● **ACTION ITEM**
Every line of the listing below from the one with "而过去车企的大定,是不能退钱的,所以小米这个应该叫小定。" up to and including the one with "Seaview Holiday lodge" should be retyped exactly, and nothing else; pictures are not part of the copy.

● **DATASET RECORDS**
-------------------------
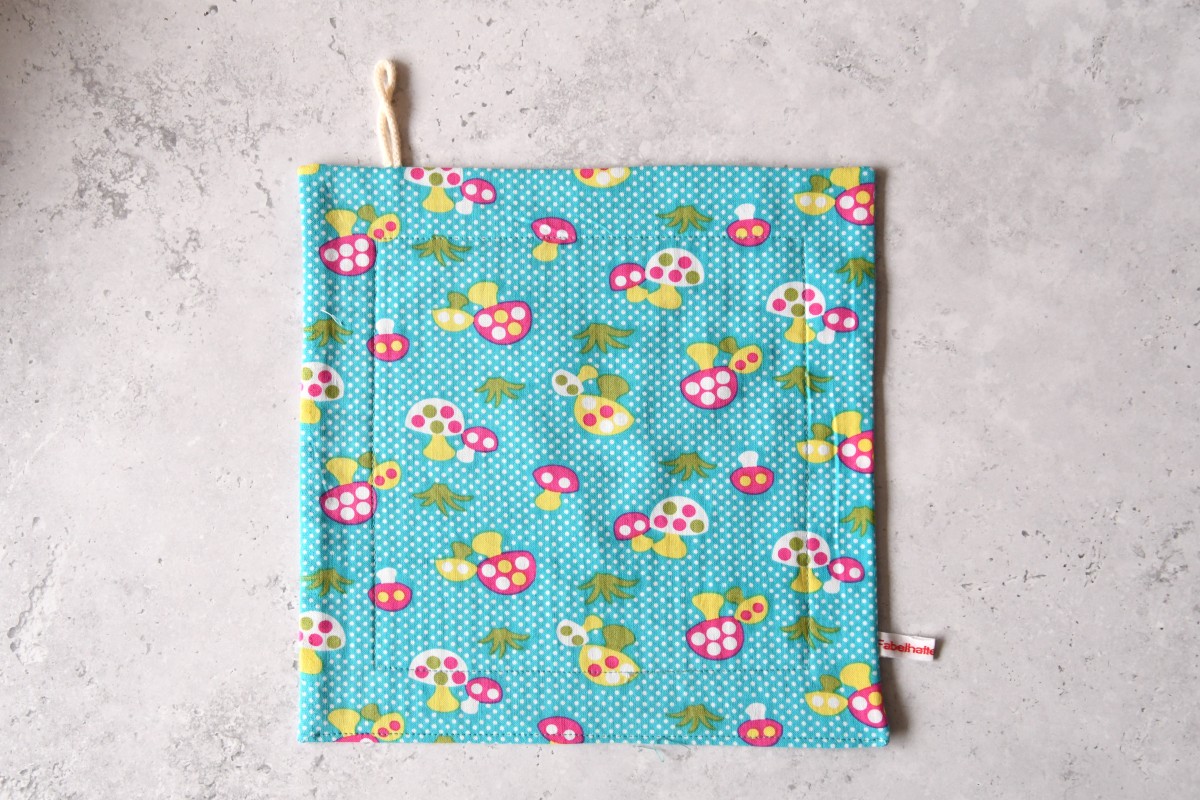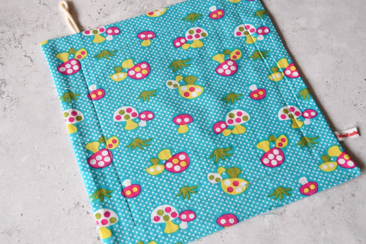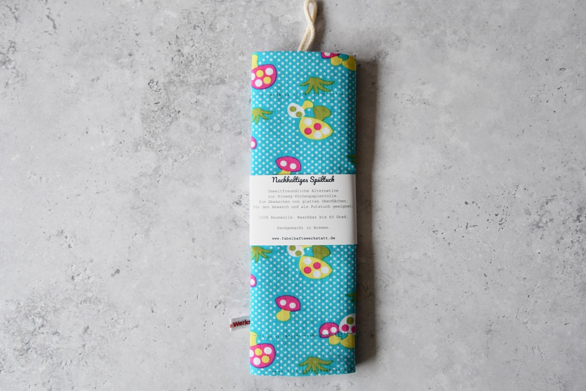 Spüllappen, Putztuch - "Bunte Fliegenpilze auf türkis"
-------------------------
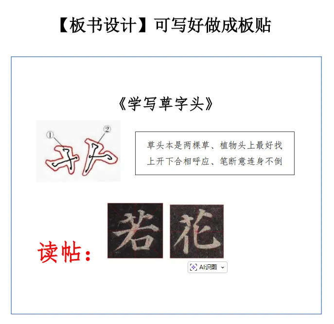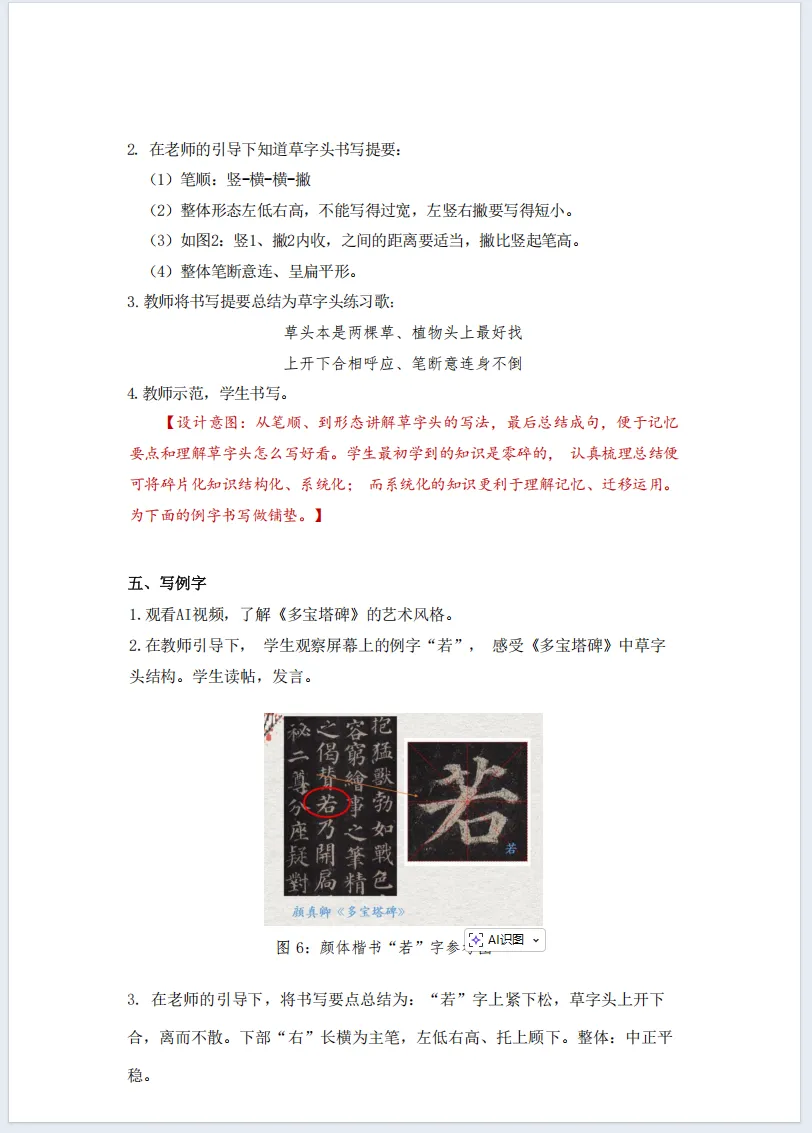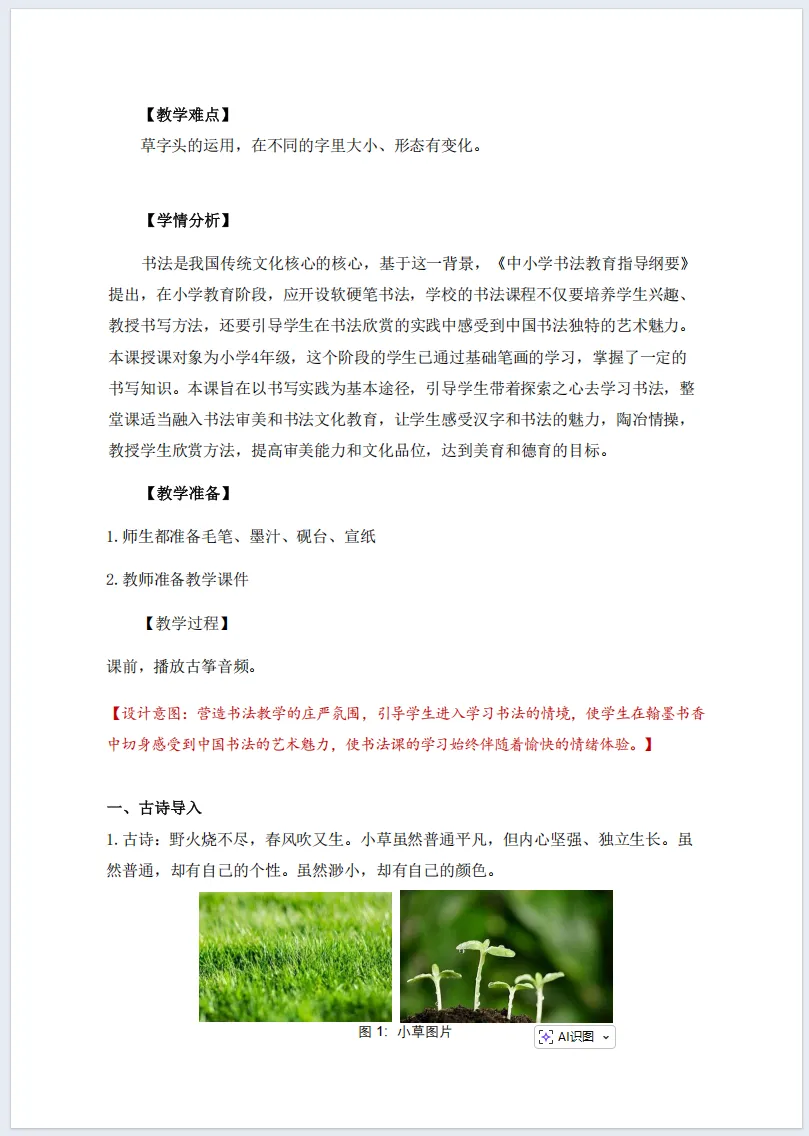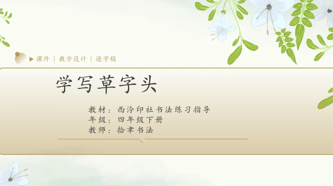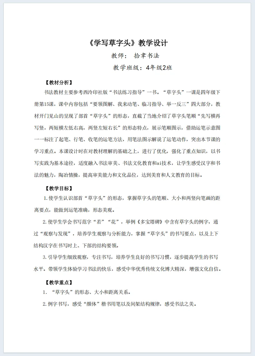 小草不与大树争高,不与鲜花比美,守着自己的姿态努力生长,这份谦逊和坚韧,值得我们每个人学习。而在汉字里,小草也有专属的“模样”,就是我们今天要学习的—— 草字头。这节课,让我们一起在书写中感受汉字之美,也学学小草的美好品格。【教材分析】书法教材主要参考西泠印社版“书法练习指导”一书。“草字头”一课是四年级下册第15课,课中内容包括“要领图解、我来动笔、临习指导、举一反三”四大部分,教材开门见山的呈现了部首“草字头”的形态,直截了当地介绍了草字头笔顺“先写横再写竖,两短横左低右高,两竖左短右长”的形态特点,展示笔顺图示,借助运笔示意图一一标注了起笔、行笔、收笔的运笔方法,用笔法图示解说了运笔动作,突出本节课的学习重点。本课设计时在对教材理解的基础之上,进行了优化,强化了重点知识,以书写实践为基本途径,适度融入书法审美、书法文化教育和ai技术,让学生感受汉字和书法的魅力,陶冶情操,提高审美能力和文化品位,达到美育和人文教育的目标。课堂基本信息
-------------------------
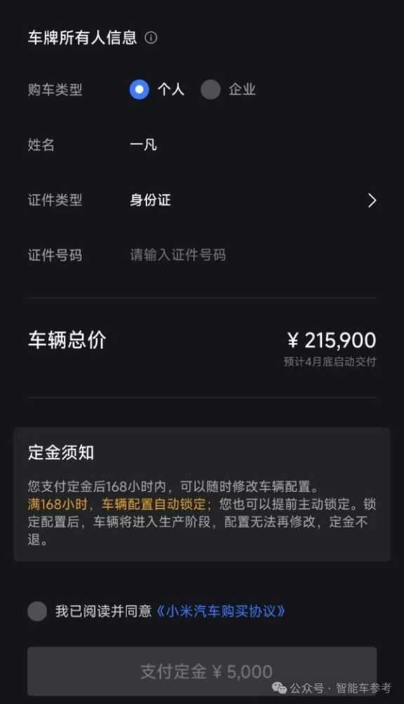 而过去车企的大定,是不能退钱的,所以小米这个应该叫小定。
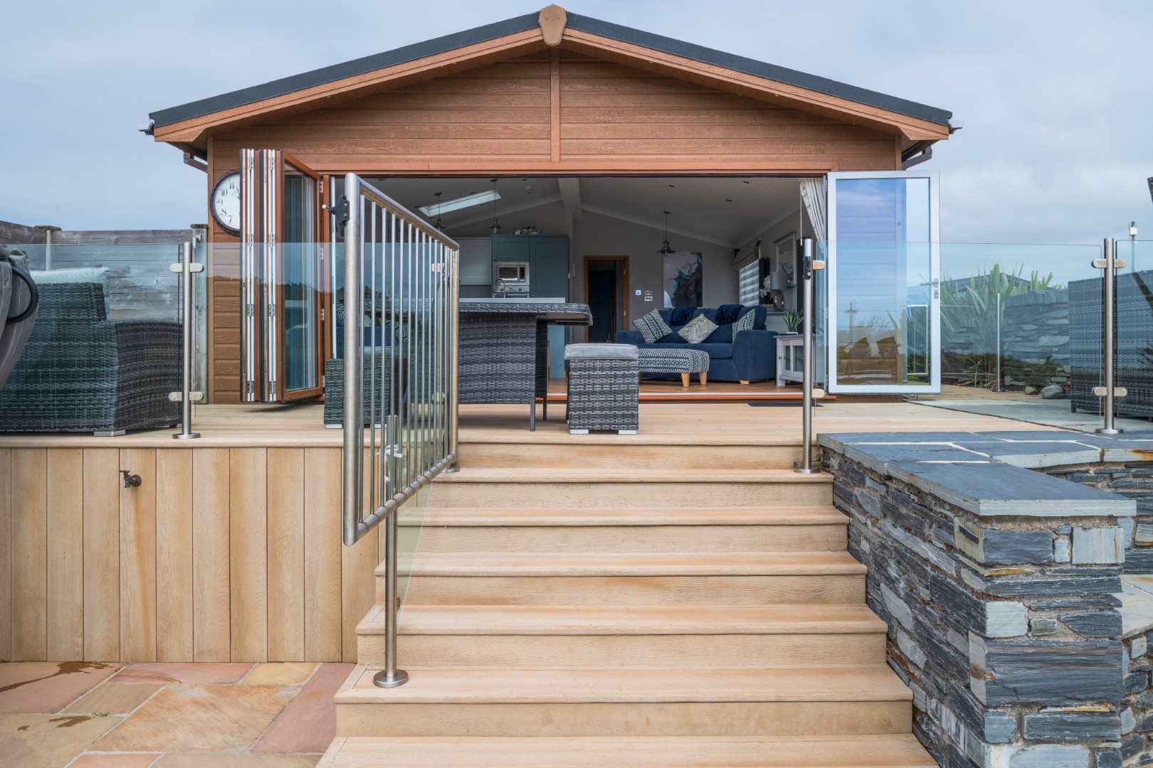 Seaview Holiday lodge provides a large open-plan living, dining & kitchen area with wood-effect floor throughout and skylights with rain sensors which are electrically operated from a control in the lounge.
-------------------------
● **ANSWER**
 而过去车企的大定,是不能退钱的,所以小米这个应该叫小定。
 Seaview Holiday lodge provides a large open-plan living, dining & kitchen area with wood-effect floor throughout and skylights with rain sensors which are electrically operated from a control in the lounge.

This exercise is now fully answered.